For example, in these notes:
In the first example with the pendulum, they define the equilibrium as where the pendulum is at the vertical position (x=0), with a angular velocity of 0 (x'=0) and the input torque is 0 (u=0). Why do we want to study the behaviour of a system at rest? Why not linearize somewhere else. Couldn't linearization be performed at a state where the system is not at rest in case you wanted to calculate for information in such a configuration?
On
I believe the answer to your question is simply Hartman-Grobman Theorem. Wikipedia states the theorem wonderfully so I just quote:
Basically the theorem states that the behaviour of a dynamical system near a hyperbolic equilibrium point is qualitatively the same as the behaviour of its linearization near this equilibrium point provided that no eigenvalue of the linearization has its real part equal to 0. Therefore when dealing with such fixed points one can use the simpler linearization of the system to analyze its behaviour.
We don't have any clue if linearization around some random point will provide insights about the local behavior of the system.
On
Linearization around an equilibrium point (where the derivative of the full state vector is zero) tells you how the system behaves for small deviations around the point. It is easier than looking at the nonlinear system, because the 0-order term of the Taylor series is null, and the terms of order 2 and higher are dominated by the 1st-order term. Similar reasoning applies to linearization around a trajectory.

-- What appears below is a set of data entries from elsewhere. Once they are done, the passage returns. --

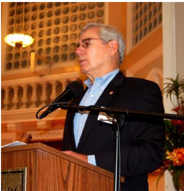
Figure 1 MTI's Executive Director Rod Diridon, Sr.

This is the second in a sequence of national transportation policy summits on bicycle safety; the first was a year ago. The summits have been specifically requested by the leaders of the congressional transportation committees. The transcript of these proceedings will be provided to those legislative leaders and will be the input device for a study on this subject, and bicycle transportation safety in general, that's being conducted by the Mineta Transportation Institute.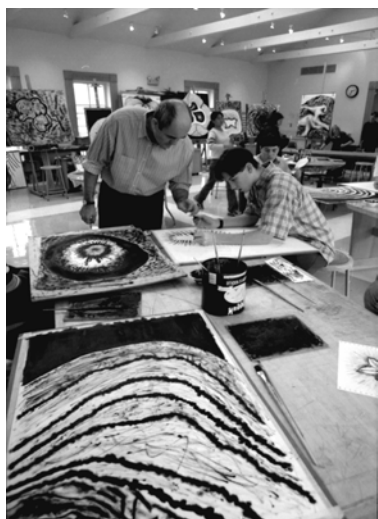
Growing Things™ Workshop , 1999 Suffield Academy, Connecticut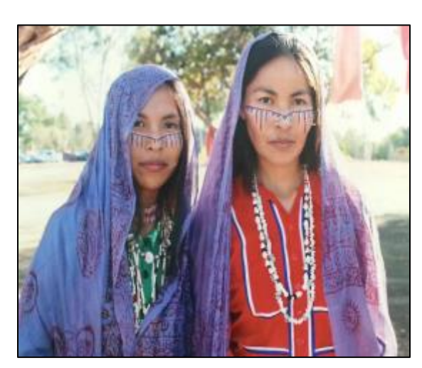
FIGURE 3.9 TWO SERI WOMEN @ PUVUUNGA

these can help individuals re-member something we have not yet experienced in this lifetime. Discussions of sovereignty and recognition are important because artists making jewelry are always practicing at some level a form of sovereignty and resistance. Art has many forms in Indigenous communities in the form of beading or gathering shells and basket materials for basket making and jewelry making.<sup>25</sup> Indigenous rights and sovereignty are of the utmost importance for access to land, the ability to practice continuity in making artistic and practical pieces for the use of the tribe, and to compete and sell their work in a capitalist based market system.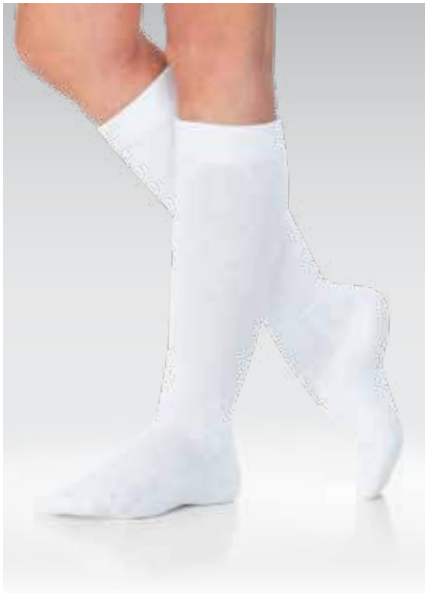
8–15mmHg Closed Toe Calf Size Small in White 160CS00

At other points, the 0-order term of the Taylor series is not zero, so the expansion doesn't give useful qualitative information, and linearization doesn't make analysis easier. Geometrically, wherever the system is not at an equilibrium the trajectories can be rectified - the Flow Box Theorem.
In general, you can linearize around any known solution. The idea is that once a solution $\theta_0(t)$ is known, nearby solutions $\theta$ approximately follow a linear equation: namely, writing $\theta (t) = \theta_0(t) + h(t)$ we get $$ I\theta''+Mgl\sin\theta \approx (I\theta_0''+Mgl\sin\theta_0) + Ih''+(Mgl\cos\theta_0 )h $$ which leads to approximate linear equation $Ih''+(Mgl\cos\theta_0 )h =0$ because $(I\theta_0''+Mgl\sin\theta_0)=u$.
The catch is: do you know $\theta_0$ to begin with? An equilibrium solution is easy to find. Finding a generic solution... well, that's just the original problem.
But you will occasionally see linearization along a non-constant periodic orbit called a limit cycle or even an arbitrary trajectory. This is generally referred to as tracking-control.